__TASK INSTRUCTIONS__.
Between the line containing "Ärztin/Arzt in Weiterbildung" and the line containing "Scammer Alert: NGUYEN" lies a run of lines; give that run again exactly, with both of those lines, and nothing else from the entries below.

### DATASET RECORDS ###

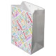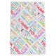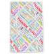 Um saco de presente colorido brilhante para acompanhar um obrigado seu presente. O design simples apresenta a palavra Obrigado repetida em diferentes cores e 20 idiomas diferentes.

###
### DATASET RECORDS ###

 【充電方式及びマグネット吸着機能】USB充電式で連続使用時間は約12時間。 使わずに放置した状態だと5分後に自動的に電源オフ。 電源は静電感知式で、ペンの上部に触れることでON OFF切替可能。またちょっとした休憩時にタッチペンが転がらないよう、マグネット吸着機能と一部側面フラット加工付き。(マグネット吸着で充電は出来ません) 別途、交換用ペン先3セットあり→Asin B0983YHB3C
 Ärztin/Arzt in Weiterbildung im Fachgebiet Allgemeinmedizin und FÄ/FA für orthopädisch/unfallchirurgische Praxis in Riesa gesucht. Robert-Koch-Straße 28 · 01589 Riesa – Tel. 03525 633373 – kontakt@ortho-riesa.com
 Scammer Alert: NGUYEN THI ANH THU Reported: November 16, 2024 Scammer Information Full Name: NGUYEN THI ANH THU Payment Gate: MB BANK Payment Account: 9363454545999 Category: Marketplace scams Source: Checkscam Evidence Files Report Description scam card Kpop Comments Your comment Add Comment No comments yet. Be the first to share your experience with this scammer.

###
### DATASET RECORDS ###

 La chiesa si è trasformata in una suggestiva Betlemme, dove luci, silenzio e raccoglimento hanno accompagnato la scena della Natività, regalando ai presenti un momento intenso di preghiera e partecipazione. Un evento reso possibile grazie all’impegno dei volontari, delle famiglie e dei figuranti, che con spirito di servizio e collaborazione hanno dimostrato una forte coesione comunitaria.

###

__ANSWER BOX__.
 Ärztin/Arzt in Weiterbildung im Fachgebiet Allgemeinmedizin und FÄ/FA für orthopädisch/unfallchirurgische Praxis in Riesa gesucht. Robert-Koch-Straße 28 · 01589 Riesa – Tel. 03525 633373 – kontakt@ortho-riesa.com
 Scammer Alert: NGUYEN THI ANH THU Reported: November 16, 2024 Scammer Information Full Name: NGUYEN THI ANH THU Payment Gate: MB BANK Payment Account: 9363454545999 Category: Marketplace scams Source: Checkscam Evidence Files Report Description scam card Kpop Comments Your comment Add Comment No comments yet. Be the first to share your experience with this scammer.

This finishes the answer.